→ **RECORDED DATA**:
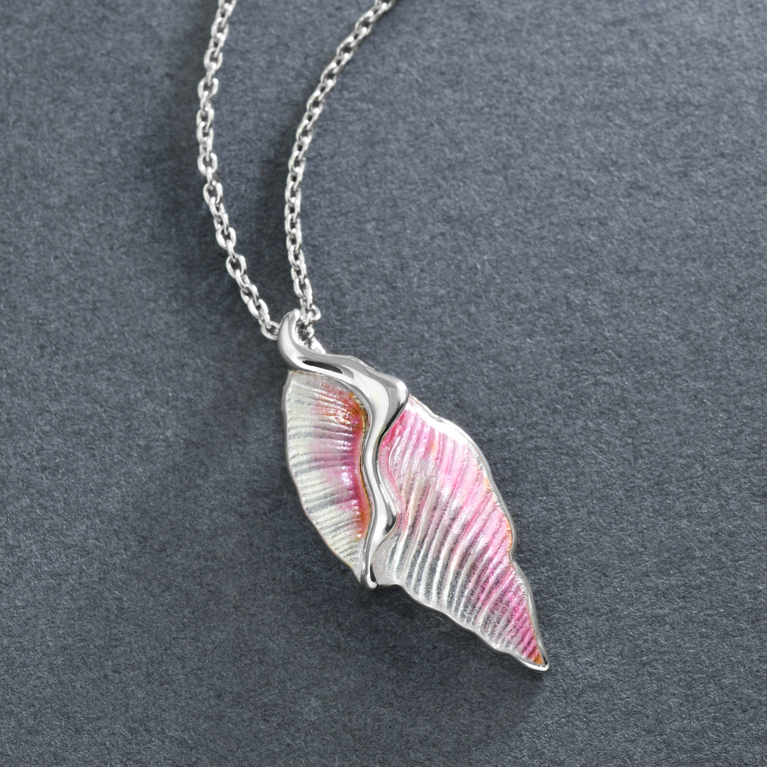 Listen to the roaring ocean with our pretty pink conch shell pendant! Crafted in sterling silver, the shell is decorated with a gradient of pink French enamel. The enamel is...
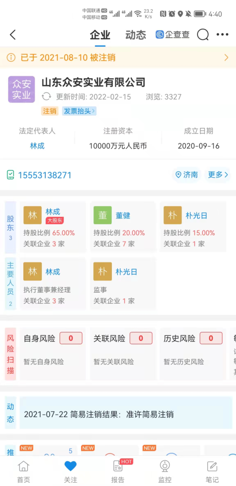 而在一年前作为运作的总公司,山东众安实业有限公司因被相关媒体曝光涉嫌传销,被林成注销掉相关公司。开始走有限合伙企业,来规避风险。
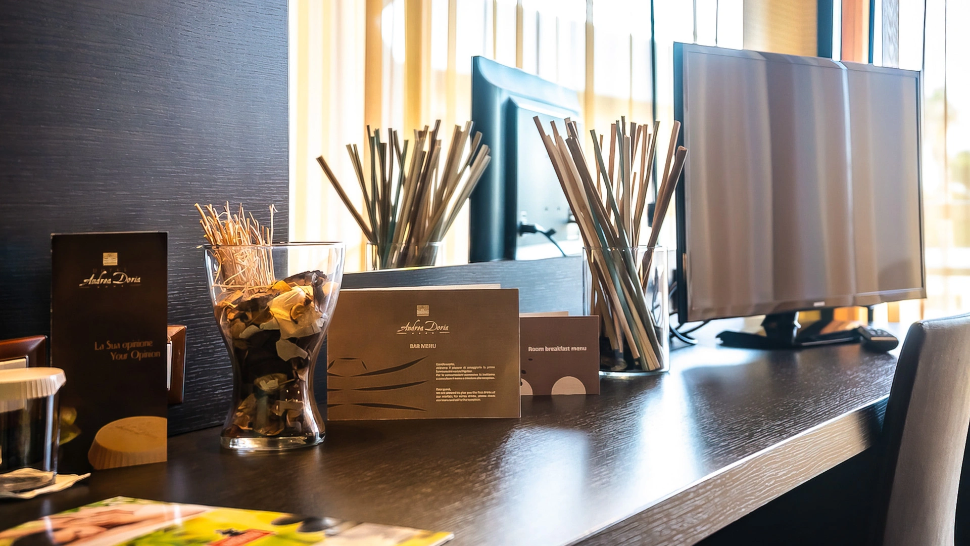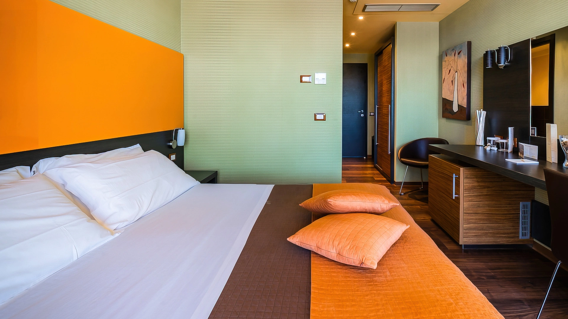 Le sistemazioni dell’Hotel Andrea Doria, suddivise nelle tipologie Classic, Superior e Suite, presentano arredi moderni di design e sono provviste di balcone con vista giardino o vista mare laterale. I servizi includono aria condizionata, TV satellitare LCD, frigobar, cassetta di sicurezza elettronica. I bagni sono completi di box doccia, phon a parete e set di cortesia. Le Camere Superior offrono soluzioni più ampie e una linea cortesia che comprende accappatoio e ciabatte. Le Suite, di circa 50 mq, dispongono di zona living separata, 2 TV LCD 32' e sono ideali anche per famiglie.

→ **AIM OF THE EXERCISE**: Please transcribe the listing exactly as it stands, but omit its pictures.

→ **ANSWER SECTION**:
 Listen to the roaring ocean with our pretty pink conch shell pendant! Crafted in sterling silver, the shell is decorated with a gradient of pink French enamel. The enamel is...
 而在一年前作为运作的总公司,山东众安实业有限公司因被相关媒体曝光涉嫌传销,被林成注销掉相关公司。开始走有限合伙企业,来规避风险。
 Le sistemazioni dell’Hotel Andrea Doria, suddivise nelle tipologie Classic, Superior e Suite, presentano arredi moderni di design e sono provviste di balcone con vista giardino o vista mare laterale. I servizi includono aria condizionata, TV satellitare LCD, frigobar, cassetta di sicurezza elettronica. I bagni sono completi di box doccia, phon a parete e set di cortesia. Le Camere Superior offrono soluzioni più ampie e una linea cortesia che comprende accappatoio e ciabatte. Le Suite, di circa 50 mq, dispongono di zona living separata, 2 TV LCD 32' e sono ideali anche per famiglie.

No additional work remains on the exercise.